The barman agrees, so the guy digs into the sack and pulls out the most amazing thing the barman as every seen. It's a tiny man, about a foot high, playing greensleaves on a miniture grand piano.

"That's amazing" says the barman. "Where did you get him?"

So the guy tells his story. Seems he was clearing out his loft and he found a lamp. The lamp is special though, because whenever he rubbed it a genie would come and grant a wish. Now obviously the barman wants a piece of the action and offers the man free drinks all night in exchange for a go on the lamp. The guy agrees and gives the lamp to the barman. He rubs it, closes his eyes and says "I want a million bucks". Nothing happens. About five minutes later the guy is downing his 3rd beer and the barman starts to think he's been tricked. Then suddenly. A duck appears on the bar and goes "quack". Then another. Pretty soon the bar is full of ducks.

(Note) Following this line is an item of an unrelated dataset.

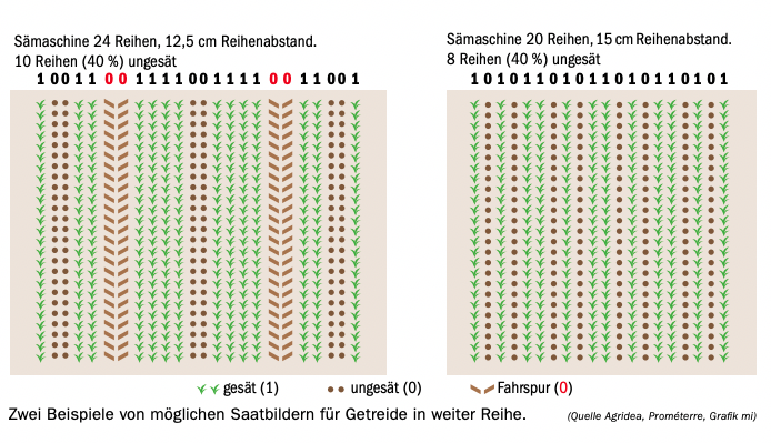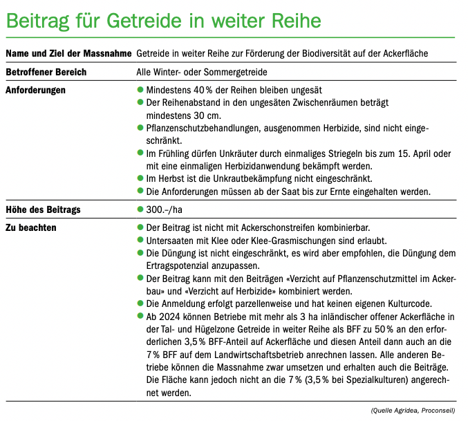 Der neue BFF-Typ soll Feldhasen, Feldlerchen sowie Ackerbegleitflora auf den Ackerflächen fördern. Auf derselben Fläche sollen aber auch Nahrungsmittel produziert werden können: Bei der Getreidesaat bleiben mindestens 40 % der Reihen ungesät. Die entstehenden Zwischenräume sollen Feldhasen oder bodenbrütenden Vögeln wie Lerchen bessere Fortpflanzungsbedingungen bieten. Deshalb sind auf diesem BFF-Typ die Unkrautbekämpfungsmöglichkeiten eingeschränkt. Im Frühling ist nur ein einmaliger Striegel- oder Herbizideinsatz erlaubt. Die Massnahme kann an die ab 2024 geforderten 3,5 % Acker-BFF angerechnet werden, es kann jedoch nur die Hälfte der 3,5 % mit Getreide in weiter Reihe erfüllt werden.

"Your lamp doesn't work" the bar man says to the guy.
"I know" the guy replies. "Do you really think I wished for a 12 inch pianist?".
rawkus rowan
renegade, oh my god, laughing my ass off!!!!!!:D:p:D
Henkie_henk
Some jokes might offend you :)

What's the only thing better than winning the special olympics?
Not being retarded


Why did the plane crash?
Because the pilot was a carrot.
Why did the koala fall out of the tree?
Because it was dead.
Why did the second koala fall out of the tree?
Because it was stapled to the first one.
Why did the third koala fall out of the tree?
Peer pressure.
Why did the kid fall off his bike?
Because he was hit by a plane and three koalas.

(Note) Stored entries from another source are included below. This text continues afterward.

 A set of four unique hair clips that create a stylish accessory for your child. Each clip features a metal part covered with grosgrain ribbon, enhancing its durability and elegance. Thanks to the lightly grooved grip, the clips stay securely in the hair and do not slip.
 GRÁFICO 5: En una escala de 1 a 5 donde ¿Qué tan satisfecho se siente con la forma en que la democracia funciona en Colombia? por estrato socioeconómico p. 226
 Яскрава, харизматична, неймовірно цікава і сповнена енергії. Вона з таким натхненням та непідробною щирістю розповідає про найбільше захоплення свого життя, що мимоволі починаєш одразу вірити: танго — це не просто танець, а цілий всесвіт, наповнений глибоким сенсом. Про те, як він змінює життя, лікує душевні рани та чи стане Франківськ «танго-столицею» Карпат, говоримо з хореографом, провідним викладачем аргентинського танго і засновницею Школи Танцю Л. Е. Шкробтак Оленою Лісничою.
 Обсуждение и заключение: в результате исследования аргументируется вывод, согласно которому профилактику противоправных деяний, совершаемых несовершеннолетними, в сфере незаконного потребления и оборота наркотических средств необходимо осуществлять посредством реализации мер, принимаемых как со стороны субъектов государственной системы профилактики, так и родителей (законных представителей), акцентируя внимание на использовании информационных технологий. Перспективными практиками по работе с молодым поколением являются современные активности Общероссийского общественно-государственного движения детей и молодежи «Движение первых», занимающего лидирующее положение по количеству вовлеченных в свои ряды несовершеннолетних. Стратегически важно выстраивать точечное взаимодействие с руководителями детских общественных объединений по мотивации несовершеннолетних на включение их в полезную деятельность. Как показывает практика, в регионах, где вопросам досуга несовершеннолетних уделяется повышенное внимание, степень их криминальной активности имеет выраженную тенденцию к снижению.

what does michael jackson have in common with mcdonalds?
36 year old meat between two, eight year old buns


Why does Michael Jackson endorse pepsi?
Because he too likes the taste of the new generation


Q: Why do women have breasts?
A: So men will know to whom to pay the lower salaries.


Two peodophiles on a beach. One turns to the other and says: "Get out of my sun"

Nassssstaaaaayyyyyy :)

Bye
trancaholic
Some very great jokes up here. I'm not sure if this kind of humour is universal, but it's quite popular around here..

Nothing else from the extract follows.